This paper presents an adaptive and efficient pruning method for large language models (LLMs) within the framework of post-training pruning. It includes a meta pruning metric search, layerwise sparsity ratio search, and introduces a new search evaluation metric: model-wise reconstruction error. The authors first validate and highlight the suboptimal generalization performance of existing methods across different models, analyzing the underlying causes. They propose an adaptive pruning strategy tailored for various LLMs, optimizing both the pruning metric and the layerwise sparsity ratios.

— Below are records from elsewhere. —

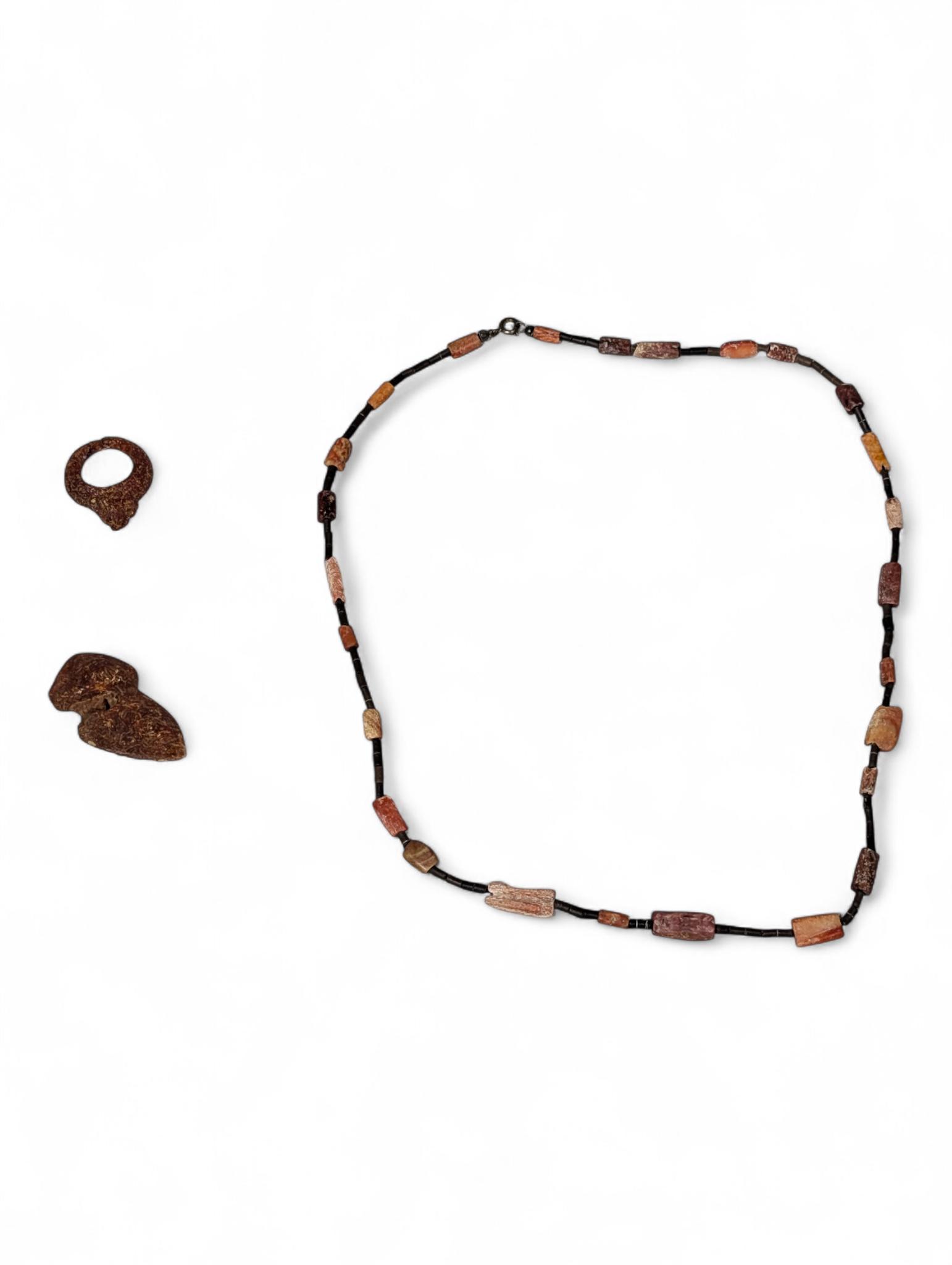 An antique coral and glass necklace, natural resin ring and hanger, possibly antique.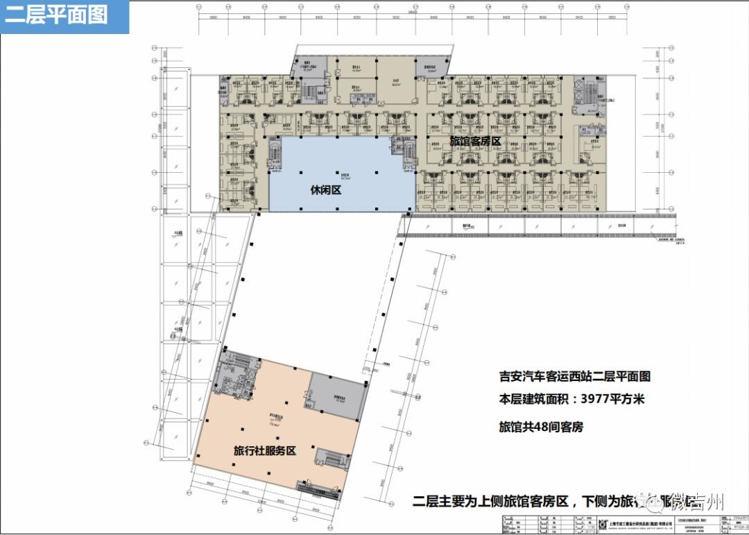 吉安汽车客运西站一层由售票大厅、候车大厅、出站区、长途客运办公区、旅游集散办公区和旅馆大厅组成。二层主要为上侧旅馆客房区,下侧为旅行社服务区。
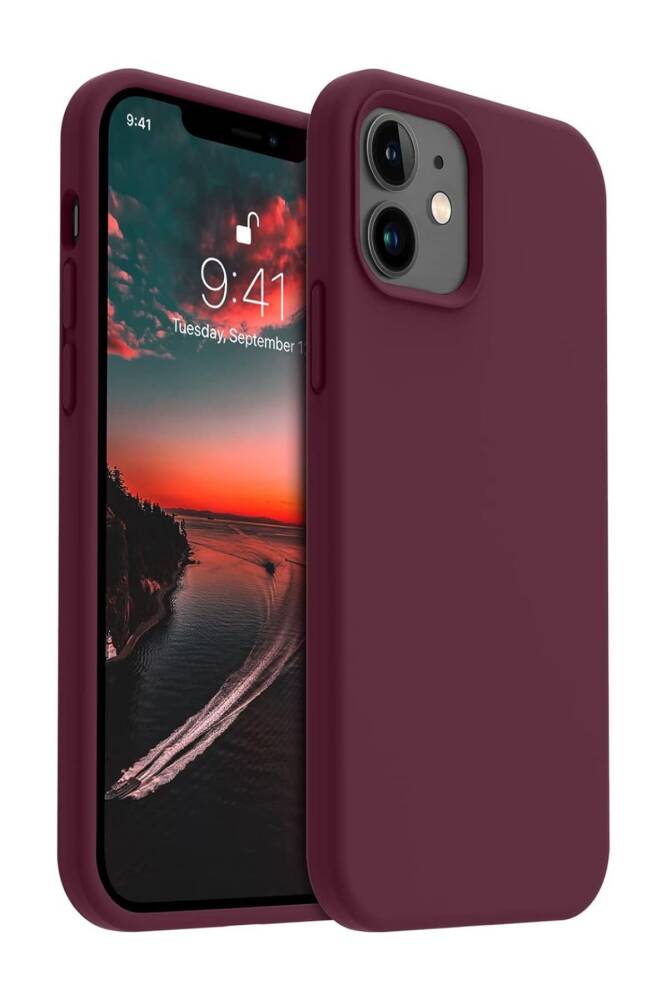 Apple iPhone 12/12Pro Kılıf Kadife Lansman Soft Yumuşak Liquid Silikon Kamera Korumalı Kapak Bordo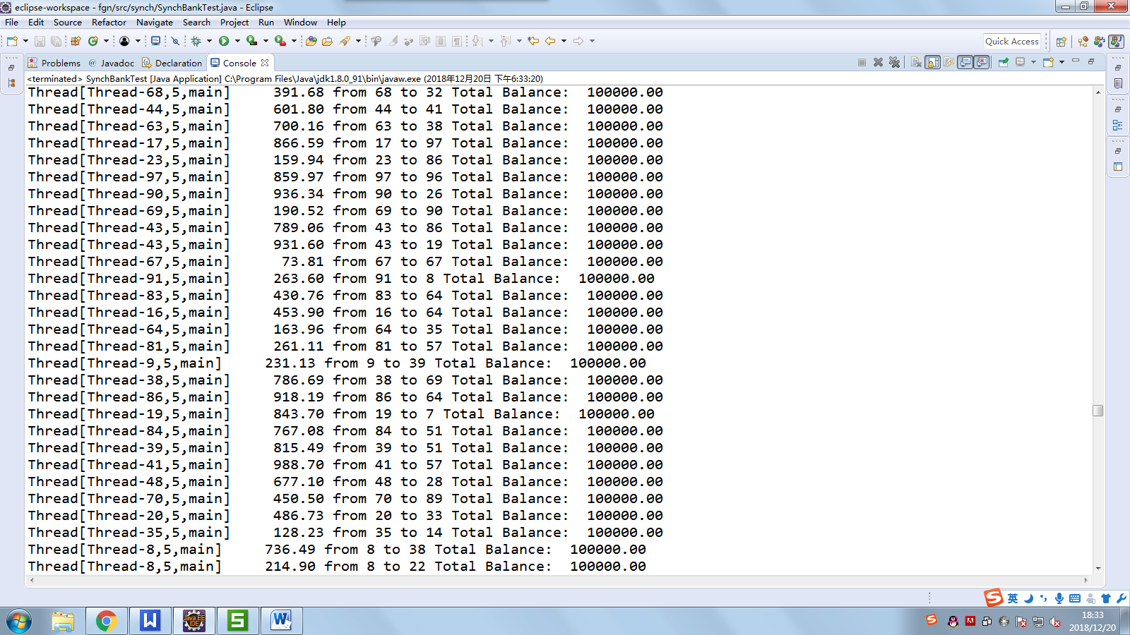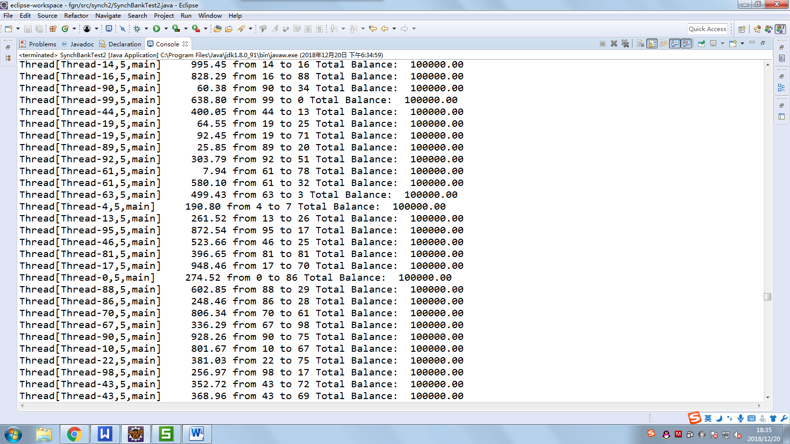 36 public void transfer(int from, int to, double amount) throws InterruptedException

In response to the time-consuming nature and poor task generalization of using perplexity as the evaluation measure under the SEARCH EVALUATION, the authors introduce the model-wise reconstruction error metric. This metric directly measures the difference between the output layers before and after pruning using the Frobenius norm, providing a more direct and effective assessment. Furthermore, the paper employs a unified NSGA-III algorithm to efficiently address both single and multi-objective search problems across the two phases.

In the experimental section, the study conducts comprehensive testing to verify the robustness and superiority of the proposed method under different models, tasks, and parameter requirements, accompanied by an in-depth analysis.

优点

  1. The scientific problem addressed in this paper is highly significant. The development of efficient and robust pruning methods within the post-training paradigm has broad applications in the AI community. The authors provide a rigorous validation and analysis of the issues at hand.

  2. The methodology presented in this paper is comprehensive, including well-designed solutions to key scientific questions such as pruning metric search, subsequent layerwise sparsity ratio search, and optimization of evaluation metrics. The experiments are solid, the logic is clear, and the paper progressively deepens the discussion, rigorously demonstrating advancements in robustness and effectiveness.

  3. The writing is logically structured and clearly articulated, effectively presenting the logical flow of the methodology, the importance of the experiments, and the distinctions and improvements compared to related works in the field.

缺点

  1. Regarding the insufficient generalization performance of current methods across different models, while the pruning metric search presented in this paper shows promising improvements based on experimental results, I find the design of the meta metric and the candidate options in the search space somewhat confusing. Furthermore, I did not see the underlying logic and theoretical support for the pruning metric search.

  2. According to the framework of this paper, the pruning metrics from similar methods can be viewed as a special case of the proposed meta metric. I am curious about the resource consumption-effectiveness curve when searching within a potentially smaller search space under similar methods with specific coefficients (α, β). It raises the question of whether simple coefficient tuning within this method could yield satisfactory results.

问题

As mentioned in the above weaknesses.

伦理问题详情

None

评论

Thank you for your thoughtful feedback and for taking the time to review our paper. We greatly appreciate your recognition of the significance of our work. Below, we would like to address your comments and questions:


Q1. Under Logic for Pruning Metric Search.

Our motivation for pruning metric search stems from our observations that the same pruning metric can yield significantly different performance across various models and tasks. For instance, we found that a simple magnitude-based pruning metric can outperform more complex metrics, such as SparseGPT, Wanda, and RIA, in certain models like Mistral 7B on commonsense tasks. Conversely, when applied to the LLaMA3 model, which has a different architecture and training strategy compared to LLaMA1 and LLaMA2, existing pruning metrics often lead to a substantial decline in performance. This variability drives our search for pruning metrics that are effective across diverse models and tasks. We design a lightweight pruning metric search method, keeping each search trial under 10 seconds on 7B models for practical use.


Q2. Design of Meta Pruning Metric.

In developing our pruning metric, we drew inspiration from existing methods such as Wanda and RIA. We aimed to create a more effective metric by combining the absolute value of weights with the L2L_2 norm of activations, while also incorporating coefficient and operation adjustments as seen in RIA.

To clarify, our meta pruning metric simultaneously applies operations and coefficients to both weights and activations. The candidates for these operations were selected from common techniques used in expression searches, such as squaring, square roots, exponentiation, and logarithms. We also integrated various coefficients like the relative sum and row/column sums to enhance the metric's effectiveness.


Q3. Performance of Simple Coefficient Tuning.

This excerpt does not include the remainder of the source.